Skip to content

Geo: Generate job artifact checksums

Follow up for https://gitlab.com/gitlab-org/gitlab-ee/issues/8921 / https://gitlab.com/gitlab-org/gitlab-ee/merge_requests/14477 which validates checksums after transfer.

Problem

Many/most artifacts don't have a checksum. Checksums are only generated for traces when they are archived. So the secondary is unable to validate these artifacts after transfer.

Proposal

Checksum all artifacts on creation.

Take a cue from the Upload model. If the file is large (> 100MB), do it asynchronously. In this case, small artifacts would get verified on transfer. Large artifacts might not be verified on transfer. This is ok, since we'll be implementing constant reverification within a milestone or two, so large artifacts will be verified eventually.

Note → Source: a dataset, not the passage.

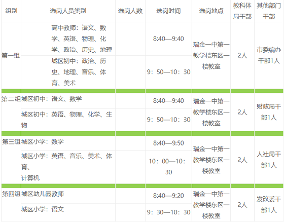 請選崗人員于8月20日上午按下表分組安排,帶好本人身份證,提前20分鐘到瑞金一中第一教學樓東區一樓教室參加選崗。

For reference, on my Macbook Pro I checksummed (SHA256) a 1.2GB file in 5s, and a 5GB file in 8s.

Question: Is it insufficient to checksum "on_create" of the record, since e.g. it sounds like traces mutate until they are archived?

Close without doing anything proposal

As mentioned above,

we'll be implementing constant reverification within a milestone or two

So all artifacts will be verified by that process, eventually. Not perfect, but maybe good enough.

Edited by Michael Kozono